Marc Seb Sun a partagé sur son mur une citation de Houria Bouteldja, bien coupée où il faut, (« Le mariage pour tous ne concerne que les homos blancs. Quand on est pauvre, précaire et victime de discrimination, c’est la solidarité communautaire qui compte. L’individu compose parce qu’il y a d’autres priorités. ») coupée de son contexte et assortie d’un commentaire laissant suggérer que Houria Bouteldja serait homophobe.
La suite de l’échange FB en est allé des spécialistes en dégommage du PIR d’exprimer leur étonnement, leur surprise, histoire de déblatérer à leur aise. Certain.e.s autres ont exprimé un réel étonnement, voire de la surprise. J’ai donc réagi car je n’accepterai jamais les mœurs actuelles de la délation et de l’invective, inaugurées au PS à partir de 1985 avec l’importation de cette pratique courante à l’UNEF-ID au moment où le parti faisait adhérer Julien Dray et sa clique, Cambadélis et sa clique, Alain Bauer et son sbire Manuel Valls, pratique tenant lieu de nos jours d’expression soi-disant politique mais n’étant qu’une sorte de glaire petite bourgeoise pas contente et que l’on rote quand il s’agit de prouver que l’on est de tel ou tel camp, ce qui peut être utile quand on veut être subventionné, nommé, promu par le même régime qui couvre les bavures policières avec le même zèle qu’il a hier défendu les électrocutions, la prison ou la castration chimique contre les homosexuel.le.s, pratiques qui en France étaient légalement envisageables jusqu’en 1981.

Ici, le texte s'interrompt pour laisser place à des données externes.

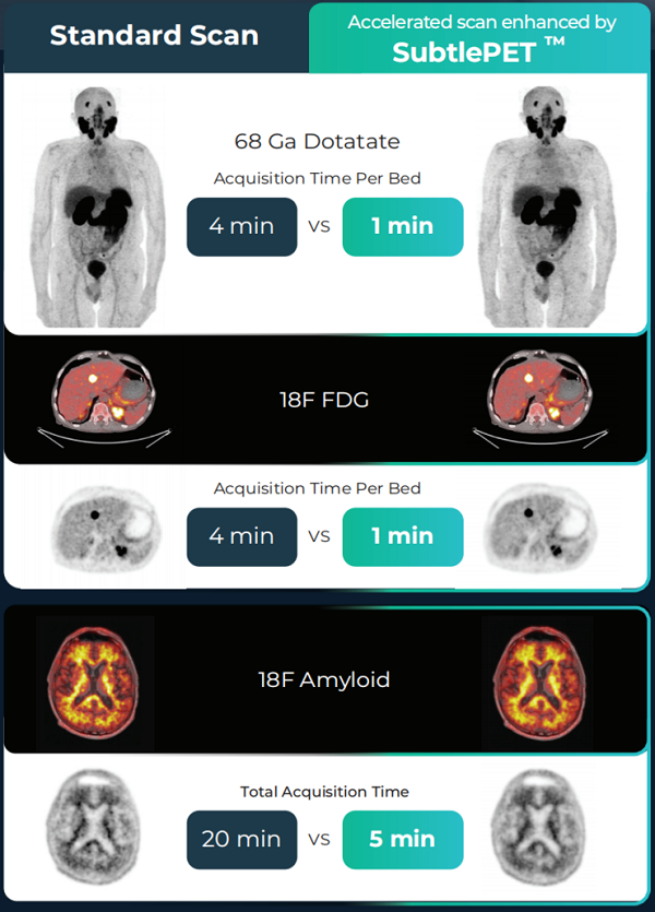 据介绍,作为一种突破性的解决方案,SubtlePET独有的去噪算法,能在不损失图像质量和诊断准确性的情况下减少成像时间,做到影像质量提升、降噪和提升分辨率。对于等医疗机构而言,SubtlePET能在医院、影像中心的任何品牌的扫描仪上实现更快的PET成像,最新的SubtlePET 2.0版本涵盖了PSMA(前列腺)癌症放射试剂、阿尔兹海默病的Amyloid淀粉样蛋白核素等多款放射性示踪剂,并提供了更好的性能,可以更好的赋能精准医疗和诊疗一体化应用。

Voici les trois réponses que j’ai commises. Attention, j’étais très en colère. Et personnellement, je n’ai pas honte de parler de la vie gay telle qu’elle est, et non avec le strass et les paillettes que le consensus libéral, véritable nouveau placard du gay « intégré post moderne », vend sur les chaines de télévisions.

Ma première réponse. « La citation est coupée du contexte du texte auquel elle appartient. Elle (Houria, N.d.R) exprime ici la question de comprendre pourquoi les jeunes racisés se sont peu impliqués dans le débat du mariage pour tous, dans un sens (pour) ou dans l’autre (contre). On peut juger la réponse un peu simpliste mais ce n’est pas une réponse homophobe et il y a quelque chose de vrai. Combien de jeunes homosexuel.le.s ne participent ni à la Gay Pride, ni aux manifestations où la visibilité homosexuelle est réelle pour ne pas être vus des autres, et par autres, c’est d’abord et avant tout les parents, et quand on gratte pour savoir pourquoi, plus que de se bagarrer, il y a l’idée de « décevoir », de « faire mal ». Et ça, c’est exactement ce qu’elle dit.

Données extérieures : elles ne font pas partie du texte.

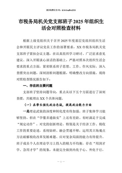 【七哥公文】2026年:市税务局机关党支部班子2025年组织生活会对照检查材料+更多免费公文+VX:QiGeGongWen2024

Personnellement, et à titre purement individuel, j’ai toujours été out au lycée et parmi mes amis, je suis out au travail. Et j’allais au lycée dans le 93, et c’était il y a 35 ans! Eh bien, je ne l’ai pas dit à mes parents, parce que « je pouvais pas », et ce n’était pas parce que j’avais peur d’une baston, c’était pas envie de leur faire mal parce que je savais qu’ils ne pigeraient pas. Peut être aujourd’hui j’agirais différemment mais tout tête brûlé que j’étais au dehors, en famille, il y avait un truc spécial. Pas envie de « rajouter ça » à tout le reste.

Je pense que (le documentaliste, NdR) Juan Gélas qui a fait une ébauche de documentaire sur le groupe Amal auquel j’appartenais il y a 20 ans pourra confirmer que chez les racisés, il y a des solidarités qu’on ne veut pas briser, qu’on a peur de remettre en cause. Et c’est exactement ce qu’elle dit.

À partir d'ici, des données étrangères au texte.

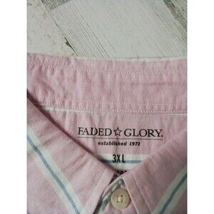 The product is a Men's Faded Glory pink button-up shirt in size 3XL with short sleeves. The shirt features a striped pattern and is designed for big and tall men. With its new old stock status and still attached tags, this shirt offers a stylish and comfortable addition to any casual wardrobe. Perfect for adding a pop of color and a classic touch to any outfit.

Et quand on prend le temps de lire ce qu’écrit Houria, dans le cas des homosexuel.le.s comme dans le cas du viol où ses propos sont aussi caricaturés, ce qu’elle dit est que c’est uniquement si l’étreinte raciste qui enferme les racisés se relâche que pourront s’exprimer les autres identités. On peut être d’accord ou pas, c’est une question de point de vue, mais ce n’est pas du tout homophobe que de penser cela. Là où elle touche juste toutefois, c’est que la visibilité homo/racisé.e.s ça touche pour avant tout celles et ceux qui sont allés en universités, et que pour les autres, celles et ceux qui doivent composer au quotidien, c’est beaucoup plus dur, et ça l’est exactement pour la raison qu’elle évoque.

Pour finir, juste pour parler de Amal. J’avais proposé qu’on sorte de Paris et qu’on aille tracter en banlieue. Je m’étais essuyé un refus unanime de tous les autres. Et quand j’avais gratté, c’était bien l’idée que leur homosexualité était quelque chose à vivre « en dehors », parce qu’ils ne voulaient pas couper les autres liens, les solidarités dont parle Houria. Je pense que Juan pourra le confirmer là dessus.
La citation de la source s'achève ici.